Посетитель подчинился. Когда он, сняв шинель и фуражку, повернулся к столу, генерал едва не присвистнул от удивления. Китель врача украшали два ордена. И один из них, как разглядел Беркалов, был Георгием четвертой степени.
— За что? – спросил генерал, указав на Георгия, когда гость устроился за столом.
– Отбил нападение немцев на лазарет.
– Сколько их было?
— Эскадрон драгун.
— А вас?
– Я и пятеро раненых.
— И вы справились?!
-- Если быть точным, отбили одну атаку. Положили полтора десятка драгун, потеряв при этом троих своих. Потом подоспели казаки.
– Где учились воевать?
– В окопах. Начинал вольноопределяющимся Могилевского полка седьмой дивизии.
– У Александра Семеновича?
– Так точно.
– Странная у вас биография. Почему сразу не врачом?
– Документов не было. Учился в Германии и бежал, когда началась война. Спешил, чтобы не интернировали, поэтому не успел захватить. В окопах заболел аппендицитом. После операции в лазарете разговорился с начальником госпиталя. Тот проэкзаменовал меня и нашел мои знания достаточными. Похлопотал о звании зауряд-врача.
– Врачей не хватает, – согласился Беркалов. – А Владимир за что?
– Сохранил жизнь командующему фронтом. Его доставили к нам с тяжелым ранением в грудь. Начальник лазарета оперировать не мог: при нападении немцев пуля пробила ему руку. Пришлось мне. Операция прошла успешно.
– Погодите! – сказал генерал. – Так это вы оперировали Брусилова?
– Так точно, ваше превосходительство!
– Давайте без чинов, Валериан Витольдович. Вы хоть не офицер, но доктор боевой. Таким, как вы, мы всегда рады. Меня зовут Евгений Александрович. Слыхал я про историю с Брусиловым. К нам каким ветром? После спасения командующего вас должны были милостями осыпать.

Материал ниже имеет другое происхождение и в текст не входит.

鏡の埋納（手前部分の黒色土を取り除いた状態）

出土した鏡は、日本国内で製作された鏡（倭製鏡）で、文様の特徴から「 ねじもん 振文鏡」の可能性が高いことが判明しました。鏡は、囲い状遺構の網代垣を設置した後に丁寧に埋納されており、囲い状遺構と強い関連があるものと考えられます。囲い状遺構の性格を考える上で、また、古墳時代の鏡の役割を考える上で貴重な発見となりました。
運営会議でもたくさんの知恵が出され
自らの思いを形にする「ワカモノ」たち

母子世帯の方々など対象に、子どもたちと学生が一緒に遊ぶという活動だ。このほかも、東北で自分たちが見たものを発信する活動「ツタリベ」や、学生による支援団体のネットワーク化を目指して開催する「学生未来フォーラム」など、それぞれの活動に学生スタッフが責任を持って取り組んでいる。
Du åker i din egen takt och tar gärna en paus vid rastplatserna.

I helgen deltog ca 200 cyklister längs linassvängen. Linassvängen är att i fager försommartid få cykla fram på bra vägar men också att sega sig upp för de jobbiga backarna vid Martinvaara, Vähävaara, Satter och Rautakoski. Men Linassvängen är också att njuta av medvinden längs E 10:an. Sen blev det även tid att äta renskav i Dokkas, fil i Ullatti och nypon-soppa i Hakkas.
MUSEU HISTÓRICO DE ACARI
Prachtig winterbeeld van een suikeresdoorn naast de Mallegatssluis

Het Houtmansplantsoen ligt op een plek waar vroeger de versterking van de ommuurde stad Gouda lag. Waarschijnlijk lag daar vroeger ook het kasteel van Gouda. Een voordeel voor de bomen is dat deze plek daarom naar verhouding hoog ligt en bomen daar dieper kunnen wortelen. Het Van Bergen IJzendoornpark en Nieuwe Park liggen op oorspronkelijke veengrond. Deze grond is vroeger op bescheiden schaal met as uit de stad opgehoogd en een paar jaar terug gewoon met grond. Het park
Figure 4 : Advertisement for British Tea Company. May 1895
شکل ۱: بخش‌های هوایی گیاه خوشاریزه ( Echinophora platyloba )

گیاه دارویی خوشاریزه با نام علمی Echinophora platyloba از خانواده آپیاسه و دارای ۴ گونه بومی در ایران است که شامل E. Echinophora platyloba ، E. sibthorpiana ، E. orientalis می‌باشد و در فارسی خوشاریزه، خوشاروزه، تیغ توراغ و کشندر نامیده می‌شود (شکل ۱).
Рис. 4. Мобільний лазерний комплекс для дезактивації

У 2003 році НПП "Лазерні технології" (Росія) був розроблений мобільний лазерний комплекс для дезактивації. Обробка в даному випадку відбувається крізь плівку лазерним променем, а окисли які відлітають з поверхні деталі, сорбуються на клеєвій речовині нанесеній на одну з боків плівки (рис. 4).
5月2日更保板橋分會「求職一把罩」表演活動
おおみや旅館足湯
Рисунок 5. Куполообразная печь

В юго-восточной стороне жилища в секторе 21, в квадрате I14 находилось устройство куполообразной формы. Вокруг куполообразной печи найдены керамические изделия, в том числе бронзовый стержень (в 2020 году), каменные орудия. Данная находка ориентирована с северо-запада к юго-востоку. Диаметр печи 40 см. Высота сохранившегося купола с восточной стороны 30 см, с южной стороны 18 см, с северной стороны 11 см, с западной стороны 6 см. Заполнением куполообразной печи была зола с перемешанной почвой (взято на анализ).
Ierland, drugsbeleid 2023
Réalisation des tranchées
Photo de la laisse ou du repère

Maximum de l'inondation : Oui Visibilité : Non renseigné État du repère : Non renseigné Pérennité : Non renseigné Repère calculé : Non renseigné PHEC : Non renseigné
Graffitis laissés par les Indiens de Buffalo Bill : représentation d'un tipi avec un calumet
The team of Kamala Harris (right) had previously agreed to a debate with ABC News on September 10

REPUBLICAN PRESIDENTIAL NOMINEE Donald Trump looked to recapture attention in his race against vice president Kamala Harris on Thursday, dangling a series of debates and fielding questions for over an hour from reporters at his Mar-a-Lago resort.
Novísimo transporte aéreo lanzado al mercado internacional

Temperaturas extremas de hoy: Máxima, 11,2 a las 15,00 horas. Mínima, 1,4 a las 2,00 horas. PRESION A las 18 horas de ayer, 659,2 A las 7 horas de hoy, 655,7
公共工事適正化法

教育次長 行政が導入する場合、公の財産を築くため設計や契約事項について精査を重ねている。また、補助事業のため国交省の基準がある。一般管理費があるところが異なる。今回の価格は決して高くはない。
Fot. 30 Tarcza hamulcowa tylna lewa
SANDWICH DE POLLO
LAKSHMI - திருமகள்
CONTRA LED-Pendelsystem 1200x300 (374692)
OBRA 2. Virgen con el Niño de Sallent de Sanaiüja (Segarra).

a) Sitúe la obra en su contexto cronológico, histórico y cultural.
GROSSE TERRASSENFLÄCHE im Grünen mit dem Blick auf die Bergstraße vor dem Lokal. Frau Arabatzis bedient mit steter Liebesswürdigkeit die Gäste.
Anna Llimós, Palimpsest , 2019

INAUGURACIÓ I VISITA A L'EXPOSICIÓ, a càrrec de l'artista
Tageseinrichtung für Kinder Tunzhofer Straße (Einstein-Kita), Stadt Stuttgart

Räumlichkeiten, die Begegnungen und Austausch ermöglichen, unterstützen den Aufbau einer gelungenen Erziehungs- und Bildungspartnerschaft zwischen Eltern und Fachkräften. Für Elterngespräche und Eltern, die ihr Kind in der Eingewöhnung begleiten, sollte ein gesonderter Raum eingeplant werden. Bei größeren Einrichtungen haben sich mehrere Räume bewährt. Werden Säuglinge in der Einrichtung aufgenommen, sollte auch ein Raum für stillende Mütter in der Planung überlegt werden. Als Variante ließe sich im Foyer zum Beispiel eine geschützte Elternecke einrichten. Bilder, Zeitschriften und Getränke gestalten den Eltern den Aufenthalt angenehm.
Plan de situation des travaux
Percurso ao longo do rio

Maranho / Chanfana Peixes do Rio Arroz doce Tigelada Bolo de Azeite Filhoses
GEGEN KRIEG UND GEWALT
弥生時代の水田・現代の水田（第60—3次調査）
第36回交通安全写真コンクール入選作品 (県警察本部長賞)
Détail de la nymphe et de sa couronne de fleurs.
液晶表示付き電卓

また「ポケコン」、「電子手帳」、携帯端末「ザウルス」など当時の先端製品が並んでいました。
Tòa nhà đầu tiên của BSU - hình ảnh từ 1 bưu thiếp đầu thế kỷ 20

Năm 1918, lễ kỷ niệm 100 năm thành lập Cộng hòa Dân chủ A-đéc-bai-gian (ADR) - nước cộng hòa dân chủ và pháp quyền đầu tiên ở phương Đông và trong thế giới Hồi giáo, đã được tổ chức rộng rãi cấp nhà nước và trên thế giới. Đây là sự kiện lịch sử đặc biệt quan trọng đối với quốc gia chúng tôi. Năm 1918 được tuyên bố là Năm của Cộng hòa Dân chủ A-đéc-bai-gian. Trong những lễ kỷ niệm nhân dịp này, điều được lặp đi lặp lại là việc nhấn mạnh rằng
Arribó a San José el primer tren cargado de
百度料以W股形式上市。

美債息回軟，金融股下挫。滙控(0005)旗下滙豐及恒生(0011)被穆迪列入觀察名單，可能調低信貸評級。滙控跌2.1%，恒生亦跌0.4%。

– Так и осыпали. Но я повел себя неправильно. Нужно было лизнуть, а я гавкнул.
Беркалов расхохотался.
– Рассмешили, Валериан Витольдович, – сказал, вытерев выступившие от смеха слезы. – Надо будут запомнить. Как вы сказали? Следовало лизнуть, а я гавкнул? Сразу видно фронтовика. Мы тут не расшаркиваемся, говорим, как есть. А теперь объясните мне, что такое медицинский батальон? И чем вас лазарет не устраивает?
– Разрешите вопрос, Евгений Александрович?
Беркалов кивнул.
– Сколько потеряла дивизия ранеными за последние полгода?
– Точную цифру не назову, но более тысячи человек.
– Где эти люди?
– Увезли в тыл.
– Обратно вернулись?
– Нет. Прислали пополнение на замену.
– Новобранцев или опытных солдат?
– Главным образом новобранцев. Их еще учить и учить, – вздохнул генерал.
– А теперь представьте, что большинство ваших раненых остаются здесь. Подлечились и вернулись в окопы. Опытные, обстрелянные бойцы, которых не нужно учить и натаскивать.
Генерал с интересом посмотрел на врача.
– Замена лазарета медсанбатом, это не смена вывески, а другая система организации медицинской службы. Легкораненые будут оставаться на месте. Тяжелых прооперируем и отправим в тыл, где их будут основательно лечить. Легкие через неделю-другую, максимум три, вернутся в строй.
– А справитесь? Раненых много. Начальник лазарета жаловался, что зашивается.
– Нам добавят врачей, мне это обещали. Несложный уход за ранеными и хозяйственные работы будут исполнять команды выздоравливающих. Нечего им прохлаждаться.
– Разумно, – согласился Беркалов. – Кто это все придумал?
– Я.
– И вас за это на фронт?
– По заведенному порядку инициатива имеет инициатора.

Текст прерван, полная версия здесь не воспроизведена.